The results show that, when everyone needed to provide a “Yes” or “No” answer, regardless of their confidence in their own answer, the collective was correct in 18/20 cases (90%), with 8 students outperforming the results of the collective–all of them with 19/20 correct answers (95%). This means that the collective answer based on this type of response ranked in the top 7.3% of individual answers. However, when the students were allowed to use the system of responses in which those who were not confident of their answer were allowed to ask for half a point, or withdraw from responding entirely, in order to improve the scores of the collective, the results changed somewhat. Looking at all specific celebrity pairs, they were not clearly better than when everyone gave an answer regardless of their confidence in being correct. However, with this type of scoring the collective was correct in 19/20 cases (95%), while the 3 most successful individuals among the 122 students now had 17/20 correct guesses (85%). This clearly shows that many students opted to only receive half a point, or withdrew, because the small group among them who gave best individual answers did not repeat the level of success from the first round of scoring in this second round–although they did manage to further improve the collective answer. A subsequent analysis showed that the median frequency of choosing the “Not sure” answer when this was possible was 44 (range: 3–59), or about one third of students, with very wide range–depending on the level of difficulty of the question. The option “blank” was used much less frequently, with a median of 7 (range: 0–35).
The Online Supplementary Document(Online Supplementary Document) presents several additional analyses. Figures S1–S3 show that the number of digits of the correct answer does not seem to be related to the likelihood that the group will identify the correct answer–this only seemed to possibly be the case in the exercise where students had expertise (ie, Year 1 medical curriculum questions), but was not replicated in the other two exercises. Figure S4, related to the fourth exercise, shows that the proportion of those guessing correctly in the group was associated with the age difference between the two celebrities, as might be expected.

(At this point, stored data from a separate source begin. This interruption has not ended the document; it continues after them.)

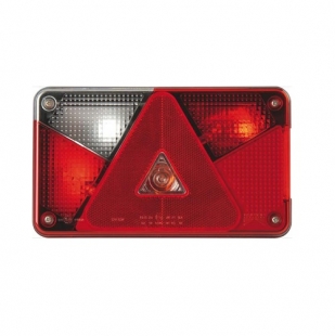 Zadnja večfunkcijska leva luč na žarnice z osvetlitvijo registrske tablice in vgrajenim trikotnikom. Primerna za avtomobilsko prikolico
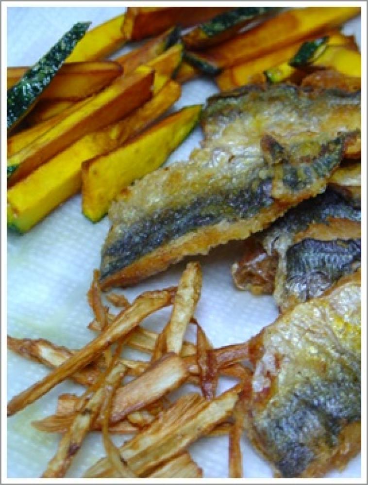 ![]() そのあと、拍子切りにしたカボチャと、ささがきにした牛蒡を素揚げする。
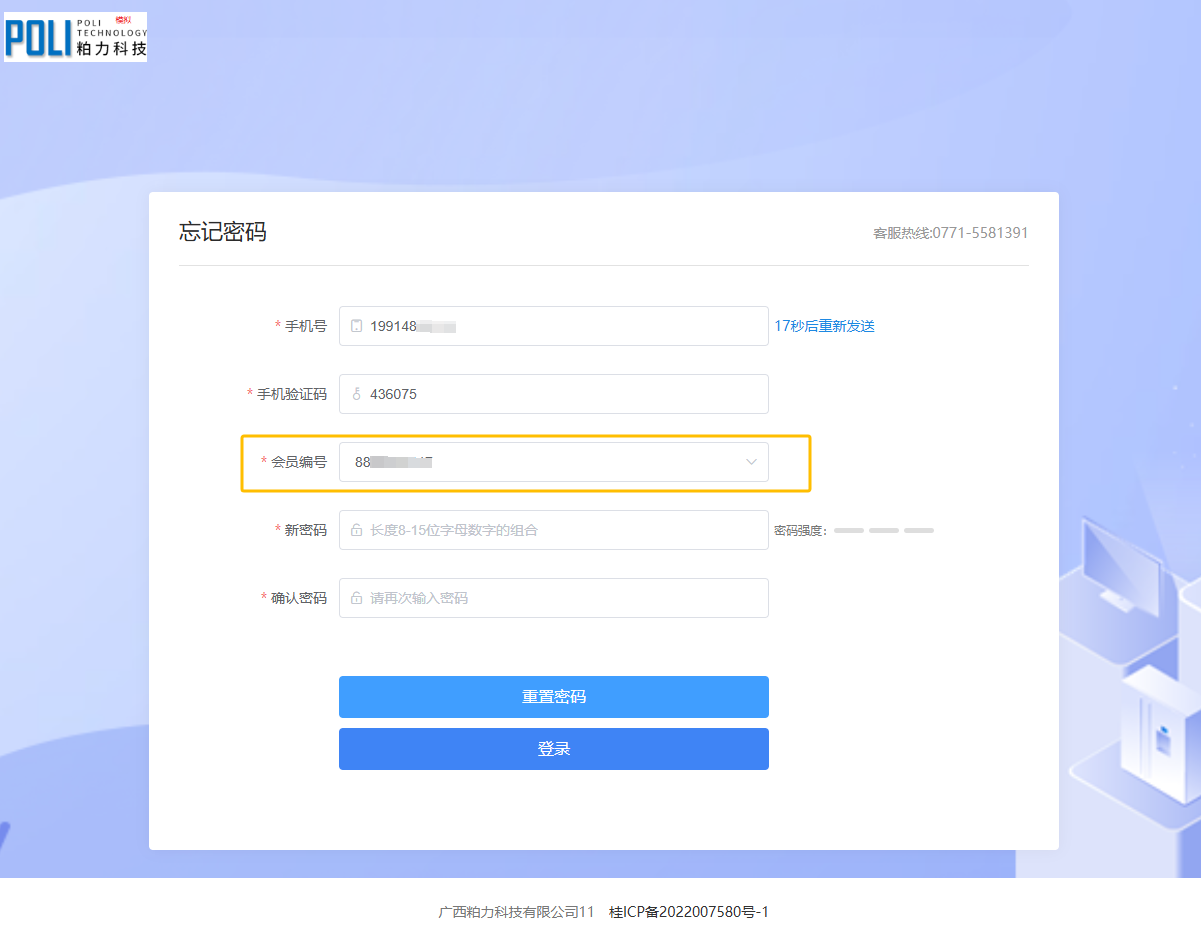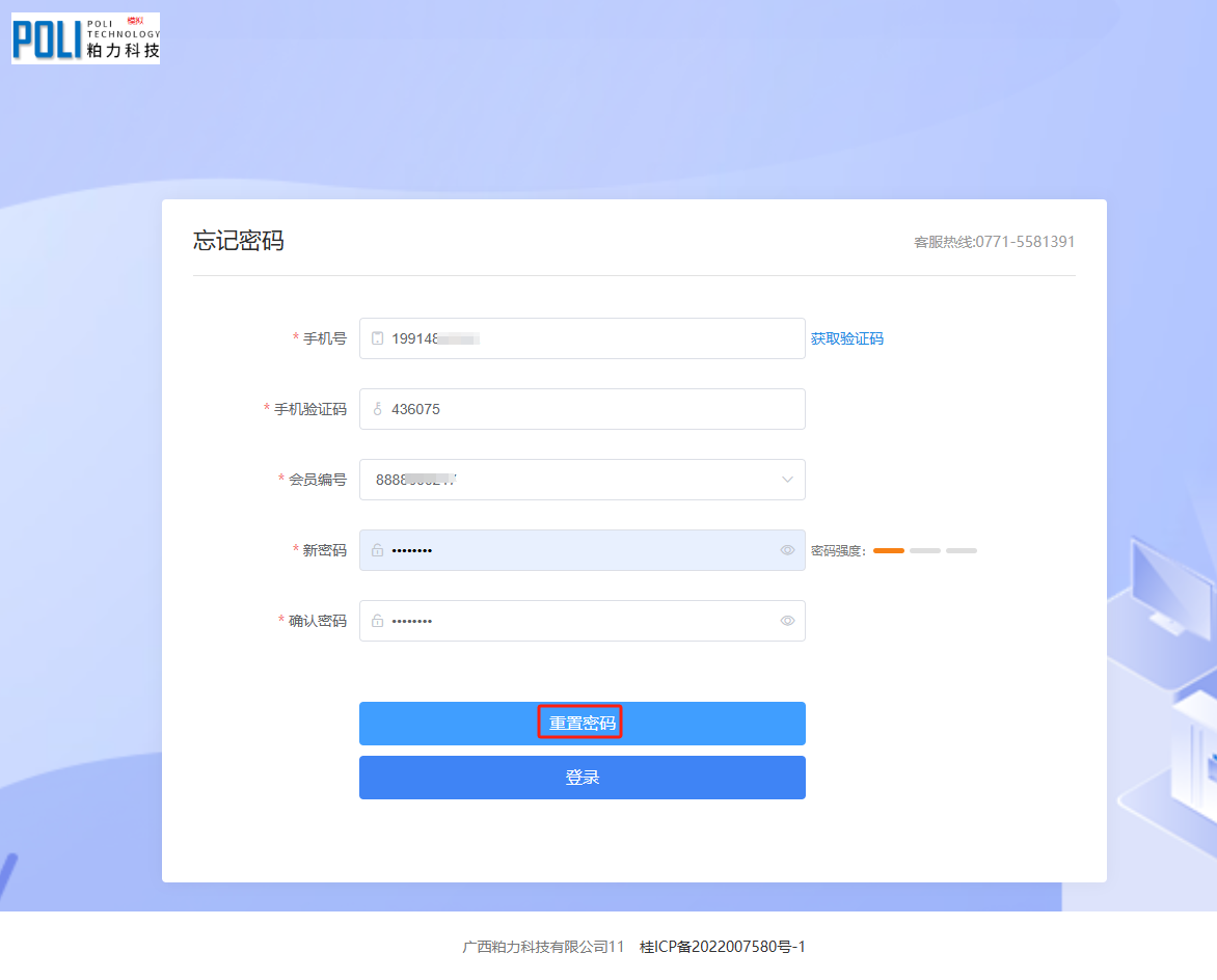 设置新的密码,并点击“重置密码”即完成密码重置。

The analyses conducted in this study tried to provide insights into quantitative properties of human collective knowledge, many of which are relevant to better understanding of the properties of the CHNRI method as originally proposed. First, the CHNRI method relies on the opinion of experts that is based on their knowledge of a specific subject, and asks them to express their optimism about research ideas through scores. Through this series of exercises we wanted to explore if this approach is likely to result in better predictions than if persons with limited knowledge of the subject are also invited to prioritize health research, or if persons with no knowledge at all are invited. In the student exercise in their own area of expertise (Year 1 medical curriculum, Table 3 ), the first 5 answers given by the students as a collective median value were all exactly right or extremely close (taking into account that the number of genes in the human genome was indeed close to 40 000 in their earlier textbooks, and it was only revised down to about 23 000 more recently). This level of precision was not observed in their responses to general knowledge questions ( Table 4 ), or questions on astronomy ( Table 5 ).
However, there are worrying signs that, when the majority of students don’t know the correct answer to a question that should be covered by their expert knowledge, the collective median can be very wrong. The examples are the case of the number of erythrocytes in 1 mL of blood (where the collective median was 3 orders of magnitude smaller than the correct value) or the number of nucleotides in the human genome (where the underestimate was by 2 orders of magnitude) ( Table 3 ). Because of those two questions, where most of the students didn’t even know the right order of magnitude, the parameter “error size” of the collective median was even greater for the exercise on Year 1 medical knowledge, than it was for the exercise in general knowledge ( Table 6 ). Although this may seem surprising at first, it can be easily explained. The parameter “error size” is very sensitive to the size of the departure from each of the 10 correct answers. In general knowledge questions, collective median answers were always reasonably close to the correct answers in terms of students’ being able to guess the correct order of magnitude for the answer, as all the questions were related to topics in which they had at least some knowledge. However, a specific question in their own area of expertise in which they had no knowledge could quickly lead to very large departures from the correct answer. It would be difficult, given a small sample size, to reach a definite conclusion that there are some experts who do better than the crowd–”the superforecasters” , although this remains a possibility.
The exercise in the knowledge of astronomy ( Table 5 ) was interesting because it clearly showed that humans do not possess a “cryptic” ability to collectively predict values on which they do not have any knowledge as individuals with any precision. This suggests that “wisdom of crowds” only works when the majority of participants in the group have at least some private knowledge of the quantity that is being predicted. As an example, the students had some intuition on the possible year when Uranus could have been discovered, the number of Saturn’s moons, or even the number of years since the Solar system was created–they got the order of magnitude correct in those three questions. However, when asked about quantities of which they knew nothing, nor had any intuition, they were typically wrong by several orders of magnitude when their collective medians were compared to the correct answers.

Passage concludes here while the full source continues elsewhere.